**** MATERIAL SHOWN

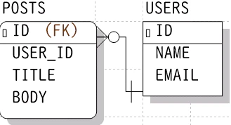 - 投稿(posts)とユーザー(users)は 1対多(1:N) の関係。
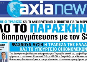 Με τίτλο: «Όλο το παρασκήνιο της διαπραγμάτευσης με τον SSM» κυκλοφορεί αύριο, Σάββατο 13 Απριλίου η «Axianews». Τι ζητάνε οι τράπεζες και τι αντιπ...
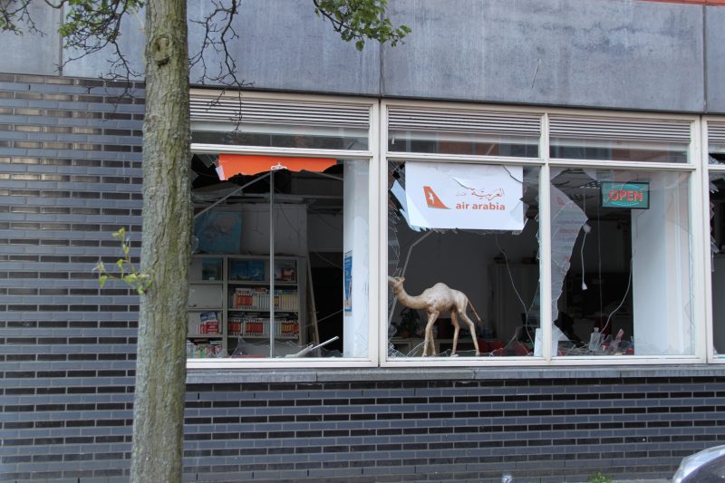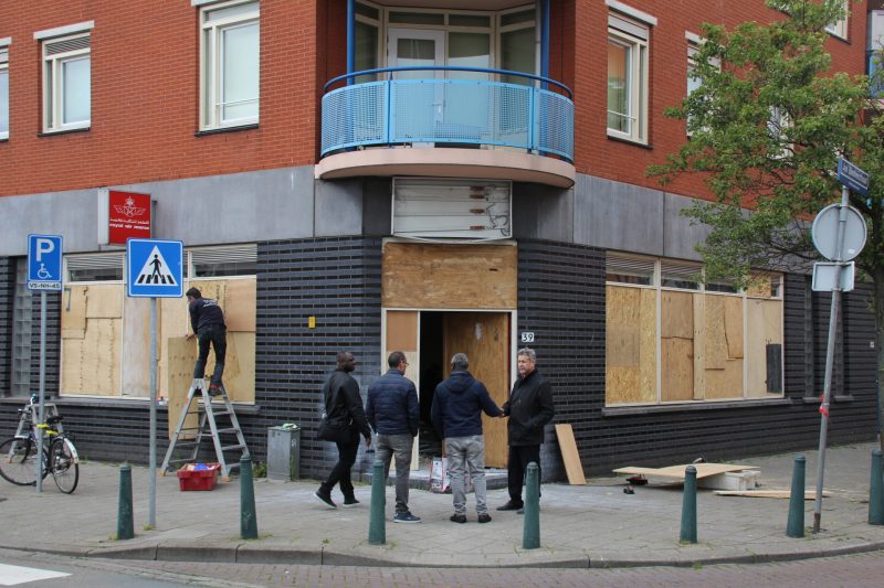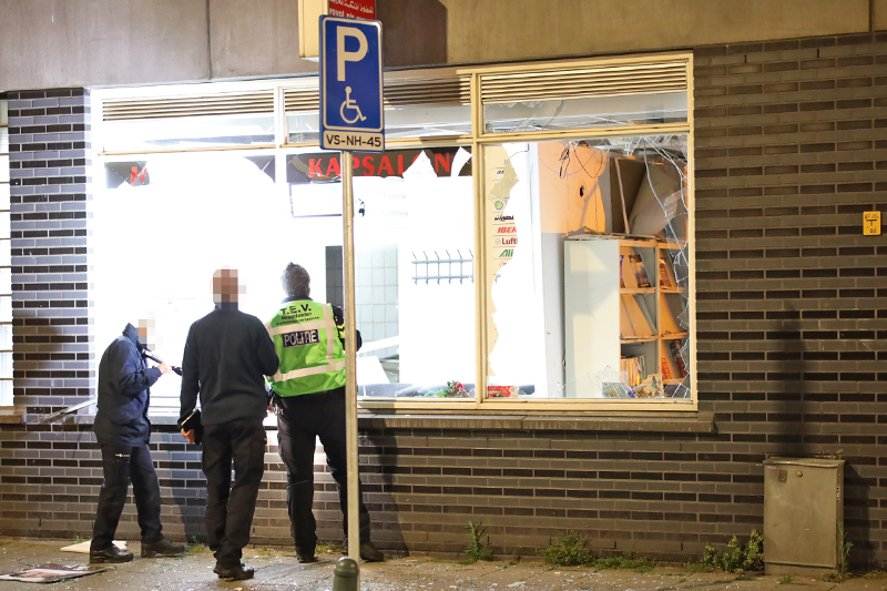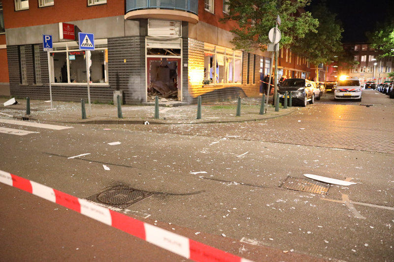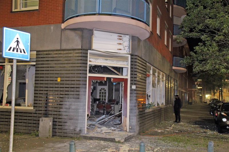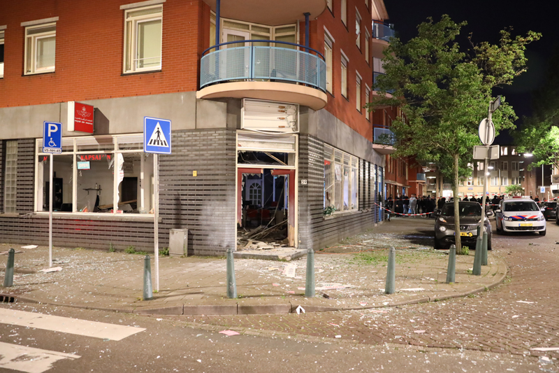 Op de Hoefkade in Den Haag zijn, na de explosie van vannacht, houten planken voor de deur en ramen gehangen. Het pand, waarin een reisbureau en een kapsalon gevestigd waren, zou van de vader van topcrimineel Reda N. zijn. De politie doet groot onderzoek en is op zoek naar de dader, die waarschijnlijk een explosief tegen of in het pand heeft geplaatst.
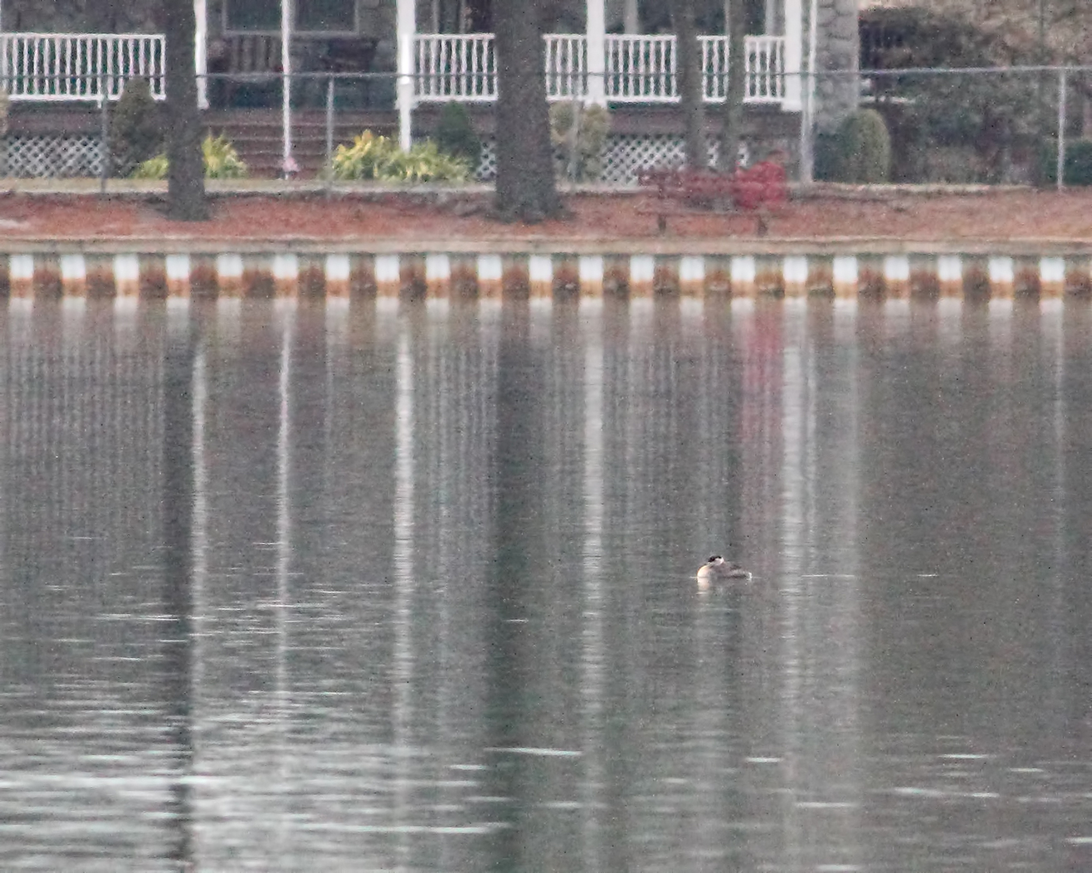 Noisy, distant photo of a Red-necked Grebe, Lake Parsippany, NJ, Apr. 3, 2015 (photo by Jonathan Klizas)
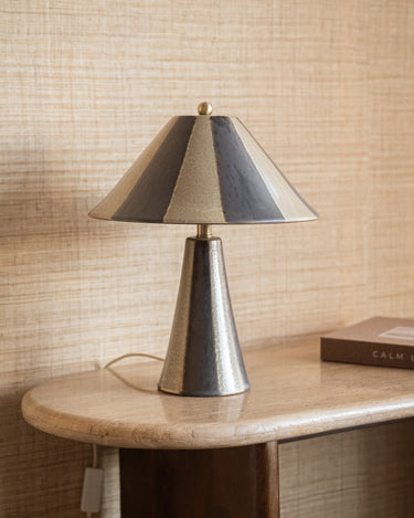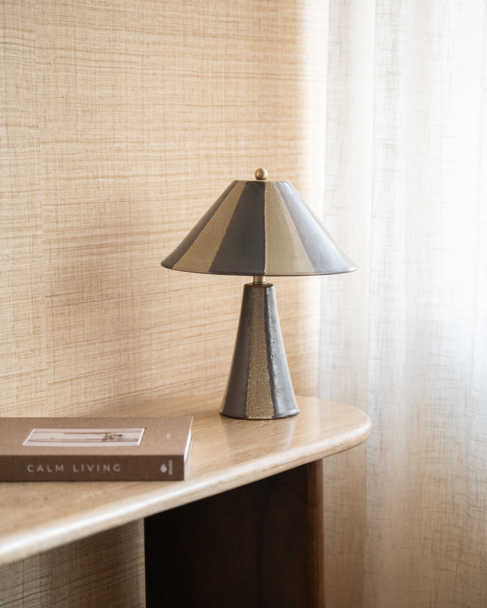 The Lino Striped Ceramic Brown Table Lamp is a stylish eye-catcher with a handcrafted look. This ceramic lamp combines soft sand tones with graphic stripes, creating a warm, tranquil ambiance in your interior. Perfect for a dresser, bedside table, or as a statement piece on your desk.
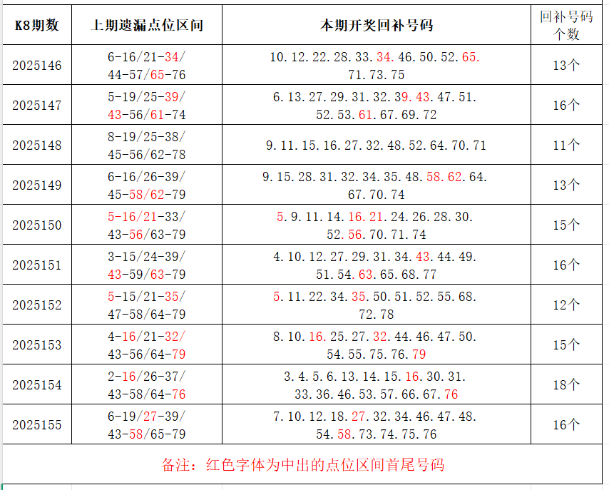 如图,上期的遗漏号码在下期开出10个左右,即为回补号码。定准点位区间首尾号码是关键!以上期2025155期(会员专区数据)为例,定位4个遗漏区间,围中16码!结合上期开奖号码,以跨度值大于或等于7为依据,本期关注4个遗漏区间:1-7/18-27/34-42/63-73;重点关注遗漏-区间:****(会员专区可见),区间遗漏号码可能在本期回补开出。注意区分遗漏区间回补号码和大底号码,不要混淆。个人分析,仅供参考。

********

- **WHAT YOU WILL DO**: Images are to be omitted; repeat the remaining data above exactly.

- **RESPONSE TO THE TASK**:
 - 投稿(posts)とユーザー(users)は 1対多(1:N) の関係。
 Με τίτλο: «Όλο το παρασκήνιο της διαπραγμάτευσης με τον SSM» κυκλοφορεί αύριο, Σάββατο 13 Απριλίου η «Axianews». Τι ζητάνε οι τράπεζες και τι αντιπ...
 Op de Hoefkade in Den Haag zijn, na de explosie van vannacht, houten planken voor de deur en ramen gehangen. Het pand, waarin een reisbureau en een kapsalon gevestigd waren, zou van de vader van topcrimineel Reda N. zijn. De politie doet groot onderzoek en is op zoek naar de dader, die waarschijnlijk een explosief tegen of in het pand heeft geplaatst.
 Noisy, distant photo of a Red-necked Grebe, Lake Parsippany, NJ, Apr. 3, 2015 (photo by Jonathan Klizas)
 The Lino Striped Ceramic Brown Table Lamp is a stylish eye-catcher with a handcrafted look. This ceramic lamp combines soft sand tones with graphic stripes, creating a warm, tranquil ambiance in your interior. Perfect for a dresser, bedside table, or as a statement piece on your desk.
 如图,上期的遗漏号码在下期开出10个左右,即为回补号码。定准点位区间首尾号码是关键!以上期2025155期(会员专区数据)为例,定位4个遗漏区间,围中16码!结合上期开奖号码,以跨度值大于或等于7为依据,本期关注4个遗漏区间:1-7/18-27/34-42/63-73;重点关注遗漏-区间:****(会员专区可见),区间遗漏号码可能在本期回补开出。注意区分遗漏区间回补号码和大底号码,不要混淆。个人分析,仅供参考。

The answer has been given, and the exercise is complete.